Search  
Thursday, August 07, 2008 ..:: Home » Technical Papers » Visual Basic 9.0 Compiler Bug ::.. Register  Login
Site Navigation

Visual Basic 9.0 Compiler Bug
Last updated 11/23/07
I found a bug in the Visual Basic 9.0 compiler that results in particular lines of your source code not being included in the IL output. That’s extremely serious because this lack of fidelity may cause key operations not to occur and the failure is entirely silent.  Rather than continue posting in my blog, which does not version well, I’m moving to this page. I’ll keep it updated as I understand more and note the changes at the top of this page.
NOTE: This is my current understanding of the problem in real time. I do not anticipate it being entirely correct. Stay tuned for updates!

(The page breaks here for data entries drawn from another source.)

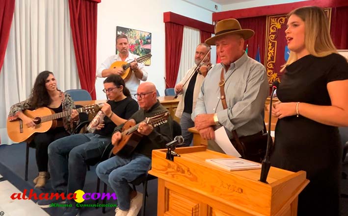 Jesús Ubiña, alcalde de Alhama, agradeció especialmente a Luis y Maribel y destacó que un salón de plenos lleno "se da pocas veces. Reconoció al Patronato como un pilar fundamental de la cultura de Alhama y anunció que van a vincularlo mucho más con el Ayuntamiento y la Consejería de Cultura. Recordó que su madre de 96 años le cuenta que la vinculación con los verdiales viene del intercambio de trabajadores del campo que venían de la costa en verano.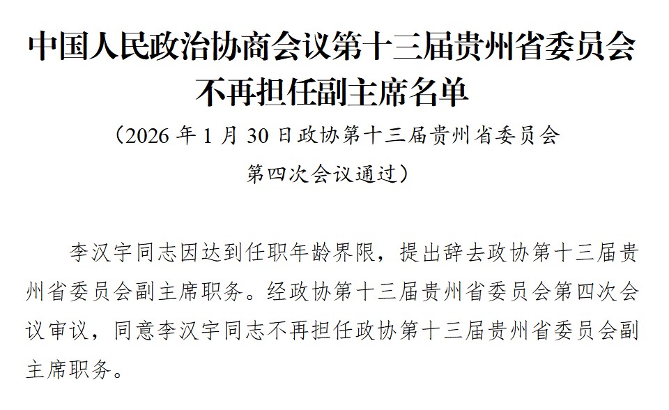 会议表决同意李汉宇不再担任政协第十三届贵州省委员会副主席职务。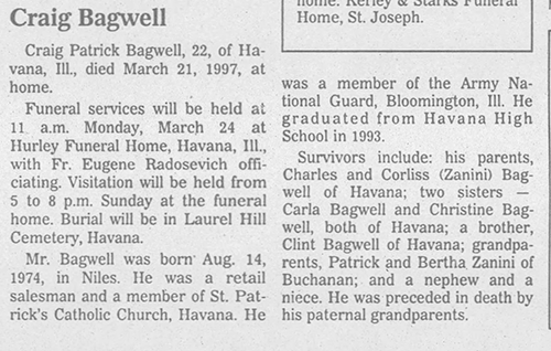 - Craig Patrick Bagwell b. 14 Aug 1974, d. 21 Mar 1997
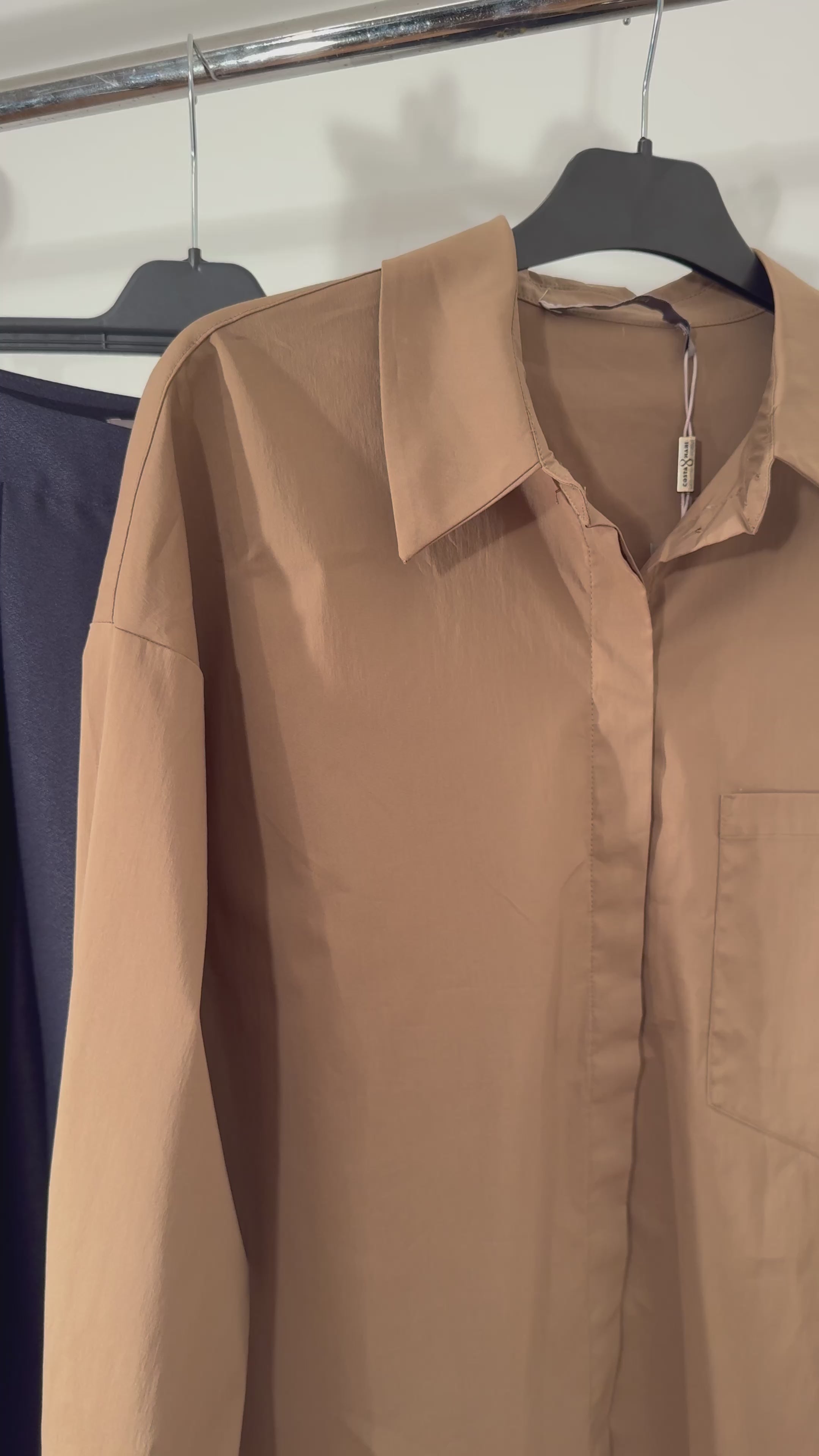 Kjo këmishë bezhë e madhe është ekuilibri i përsosur i stilit të lehtë dhe prakticitetit të përditshëm. Me një jakë klasike, çarçafë me butona të fshehur dhe një xhep të vetëm në gjoks, është një pjesë e gjithanshme që funksionon për pamje të rastësishme ose të zgjuara. Përshtatja e relaksuar shton rehati dhe një avantazh modern në veshjet tuaja.

Please also note there are important caveats in the section How Narrow is Narrow? I understand a lot of what’s going on here, but these questions remain.
Thanks to the VB Team
First, I want to thank the Visual Basic team. I think they’ve done a great job in responding to this bug and in being very open about it. I’ve actually been more conservative in limiting what I’ve said based on potentially NDA emails than the team meant for me to be. No one likes to see a bug in their software, and it’s the response to the bug that matters. Since this bug has the potential to cause a bug in your software, you’ll be glad to know they’ve treated it as the most serious possible type of bug.
They’ll be posting a KB on the bug, but they have to be correct before they do, test the mitigation tool extensively, etc. I can give you real time information of how I understand the bug. Not everything here will be correct, but it’s the best information I have as of the time I update.
Common Symptoms
The symptom is that lines of code are missing from your compiled IL. The code that runs in the field is not what you wrote. It is missing lines of code. Those particular calls will not be included even if you move them, place them in a try block, duplicate them twenty times, etc.
You’ll find this because your code will not do what you said and someone – you, your testers, or your customers will notice that the application is misbehaving.
You’ll then start debugging. If you place a breakpoint on the missing line it will move when you run your application in debug mode. This is the marker behavior. If you pace a breakpoint and it is not hit, move up what you believe to be the callstack (if its unfamiliar code, use Find All References) placing breakpoints to see if you find a moving breakpoint or you find a logic error in your code. This is normal debugging behavior.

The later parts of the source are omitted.